Berkana Blog

Communities are the Leaders of the Future

by Drew Love on December 20, 2011

There will be a picture that will be the iconic image of the Occupy and Arab Spring movements and I would like to request that that picture be taken from a distance. The picture should be taken at least from one of the skyscrapers that looks down on Wall Street, catching a bird’s eye view of thousands of people, or maybe from a distant alley away from the busiest parts of the streets of Cairo. If it’s possible to somehow capture everyone in a single image, I’d encourage the photographer to do just that.

I make this request because I’m not interested in seeing the face of just one person added to the historical canon of “great men” who have changed the world. Don’t get me wrong, many of these people did wonderful things for the people they cared about, and they most certainly did help change history. However, they were only able to help make that change because they stood on the shoulders of millions of others who came together around a shared vision.
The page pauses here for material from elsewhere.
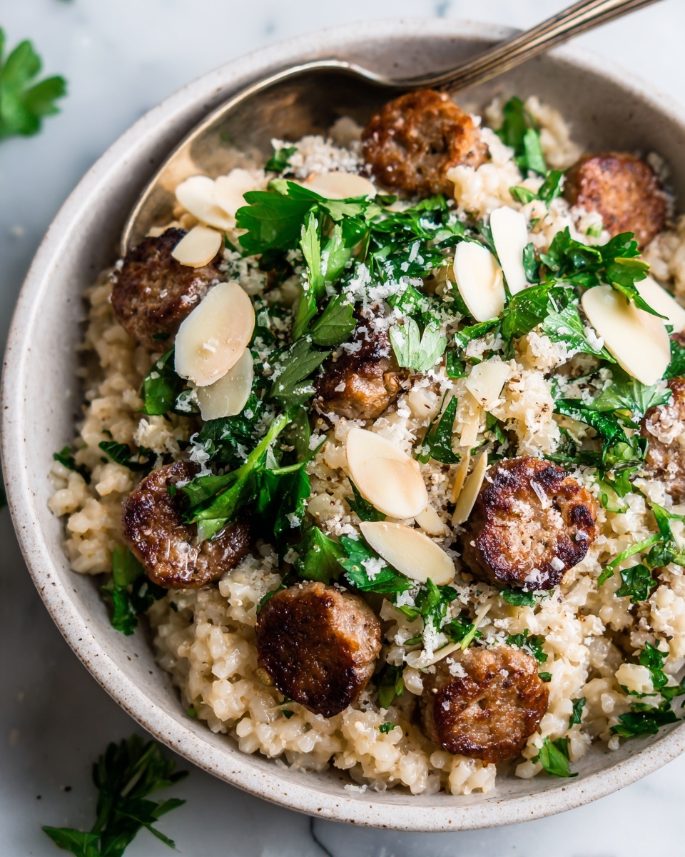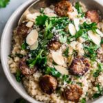 A comforting and creamy Italian sausage and rice casserole packed with savory flavors from spicy Italian sausage, sautéed mushrooms and onions, and a rich sour cream sauce, all topped with crunchy almonds and fresh parsley. This easy-to-make one-pan dish comes together in 35 minutes and makes a hearty family meal.

Yet the common belief is that the cause of social change still rests upon the individual him or herself as the most powerful force in shaping the world. If you watch this crazy shirtless man dancing on a hill and the TED talk by Derek Sivers about how a movement is more about the group than it is about the leader, you might reconsider the importance of the individual. The success of the Occupy movement, the Arab Spring, the civil rights movement, India’s independence and any other movement depends upon the strength of the social bonds that bring people together for change. In other words, it is only through these invisible bonds, and the communities they create, that we can hope to transform our society for the better.

As pointed out in Malcolm Gladwell’s “The Revolution Will not be Tweeted,” social movements, especially those that are engaged in high-risk activity and are aimed at radically restructuring society for the better, are only successful when there exist strong relationships between the people in the movement. So what then is the role for the individual in a framework that emphasizes the community?

Simply put, the role of the individual is to connect. A network for social change can only continue to exist as long as the nodes, the persons, within that network are strongly connected to one another. So to readers out there I ask you to connect, and to connect passionately to the people who matter to you. Shake hands with community members, have them over for dinner, go out with them for coffee and remember their birthdays.

These acts seem small in light of such momentous events as the “I Have a Dream Speech” or Gandhi leading the people to the ocean to make their own salt. But the truth is that many of these smaller moments, where the world seemed to suddenly change, are not single momentous acts of revolution, just as they are not really led by individual revolutionaries. What we are seeing now is a moment in time that took years, and more likely decades or centuries to create.

And so I’ll continue to hope that if one day there is a photo that captures what the Occupy and Arab Spring movements mean, that it will have been taken from a distance. I hope that photo will show a sea of people creating change by creating community first.